Everyday Reality for one hundred twenty thousand Displaced People in Mauritania's Extensive Mbera Camp on the Mali Frontier.
Many days a week, Mohamed ‘Momo’ Ag Malha walks at least 7 miles (11km) around the vast Mbera refugee camp in south-eastern Mauritania that has been his dwelling since 2012. The exercise keeps the 84-year-old camp elder vigorous, and permits him to check on the welfare of other inhabitants.
His first stay in Mauritania happened in 1991, when he fled Mali as Tuareg insurgents clashed with the army in his native Timbuktu province.
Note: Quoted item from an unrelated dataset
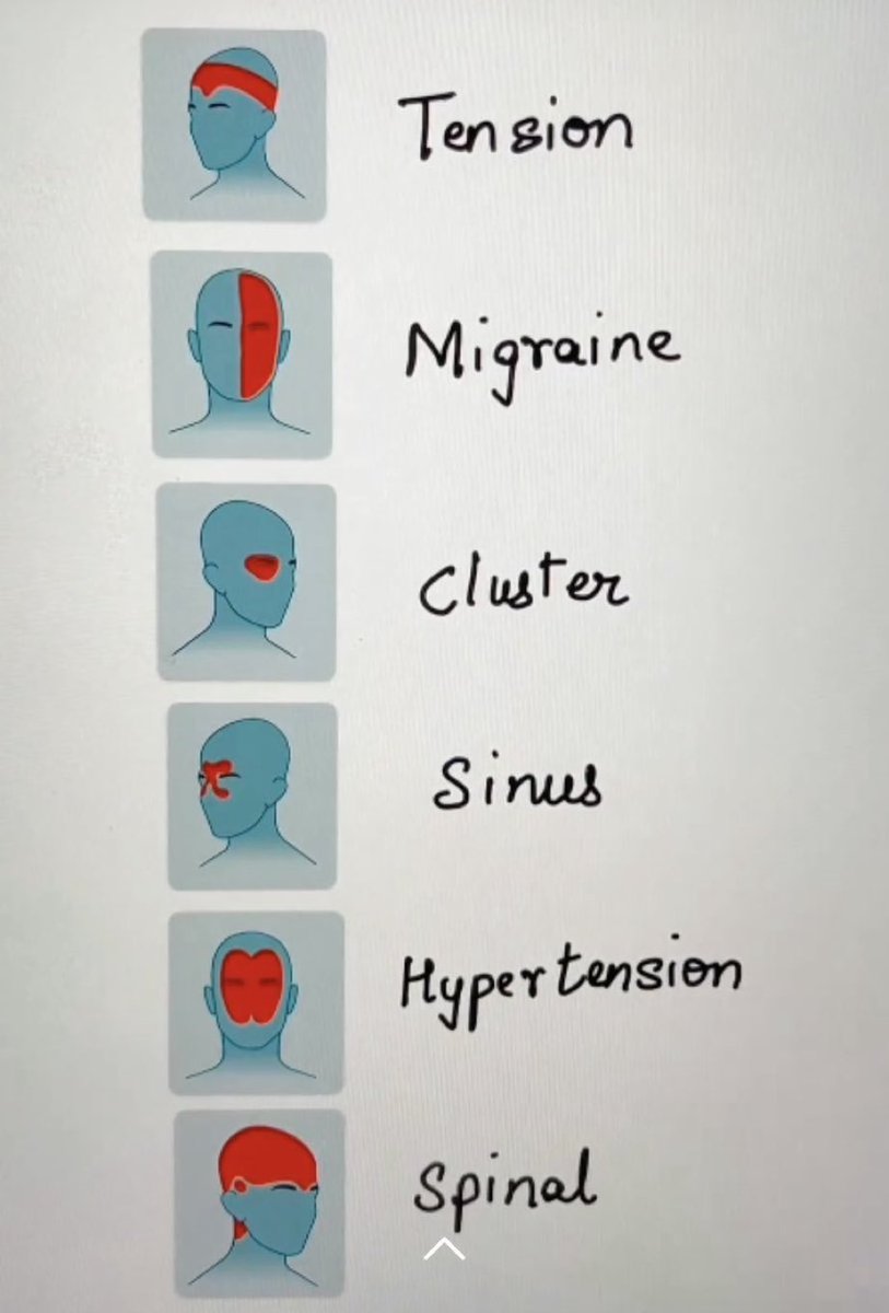 这张图展示了几种常见的头痛类型及其典型位置:

After four years as a refugee, he went back and worked for a year as a social worker before transitioning to a teacher. Then in 2012, the Tuareg conflict once again forced him across the border.
The former math and science teacher says he feels deeply sympathetic for the young people of Mbera, which is positioned approximately 30 miles from the Malian border.
“Some of the kids who were born here in Mbera have not once visited Mali,” he says. “They do not know their nation [and] that is heartbreaking because a refugee always has dual loyalties: one here, where he lives, and another over there, in his homeland, which he hopes to go back to one day.”
Initially conceived as a few thousand dwellings, Mbera now hosts around 120,000 refugees, according to the United Nations High Commissioner for Refugees. In also, it is approximated that at least 154,000 refugees reside in nearby villages across the Hodh Ech Chargui province. More than half are under 18.
Government authorities say the area is the third largest human settlement in Mauritania after Nouakchott and Nouadhibou, the administrative and commercial capitals.
Each month, thousands more refugees arrive across the border, running from a militant uprising that hijacked the Tuareg rebellion and has since left extensive areas of the country lawless. Aid workers – particularly at the UN World Food Programme (WFP) and Unicef office in the town of Bassikounou, which supports the camp and nearby settlements – cannot stop worrying. They have faced shrinking resources as foreign donors – most notably the now discontinued USAID – have severely slashed funding this year.
“We’ve gone from [being able to] help almost 90,000 people with both food or cash every month to about 53,000 … and had to stop essential nutrition programmes for hungry children and mothers due to financial constraints,” says Aliou Diongue, country director for WFP.
The camp has many of the trappings of a permanent settlement, including its own bank, eight schools, a market with more than 500 outlets, and volleyball and football activities. Members of a parent-teacher association use loudspeakers to get more children enrolled in school. New entrants are documented by aid workers and state agents using fingerprint technology.
Nearby, gendarmerie patrols protect the camp from the danger of armed groups just a few miles from the border.
Some residents have taken on new duties with gusto: volunteers in the SOS Desert organisation grow crops for sale and run an blaze control team putting out bushfires; members of a women’s resource network look after those maimed by jihadist attacks and expectant mothers while also raising awareness about teaching girls.
But the camp’s needs are obvious.
“We have the determination, we have the women, but not enough financial support or equipment,” a leading member of the network says. “Sometimes we recycle what little we have, but it is not enough for the demands of the camp.”
In the schools, the children are provided one meal daily by WFP. At one school with 100 children per class, six or seven of them gather by a big tray to eat the same meal every school day – rice that is almost plain, save for a few pulses.
“We’re still offering school meals, essential food aid, and financial support in the Mbera camp, but it’s not enough,” says Diongue. “We’re prioritizing the most at-risk while working tirelessly to acquire new funding through the broadening of our donor base.”
The meals are funded by recent donations including several thousand tonnes of rice donated by the South Korean government – the only goods in a majority of the warehouses. A few donors are also helping initiate self-sufficiency programmes to help refugees cultivate and keep animals so they can generate funds and boost their quality of life.
Though Malha manages everything conscientiously, helping the aid workers’ support the most disadvantaged households, his heart longs to return to Mali.
“When you leave your country, you sacrifice everything – your work, your home, your family sometimes,” he says. “Here, you depend only on humanitarian aid. Sometimes that aid is adequate, sometimes it is not. And when it is not, you suffer.
“We appreciate the Mauritanian authorities and the humanitarian organisations for what they have done for us but it is not the same as being in your own country, working with your own hands and living with self-respect.”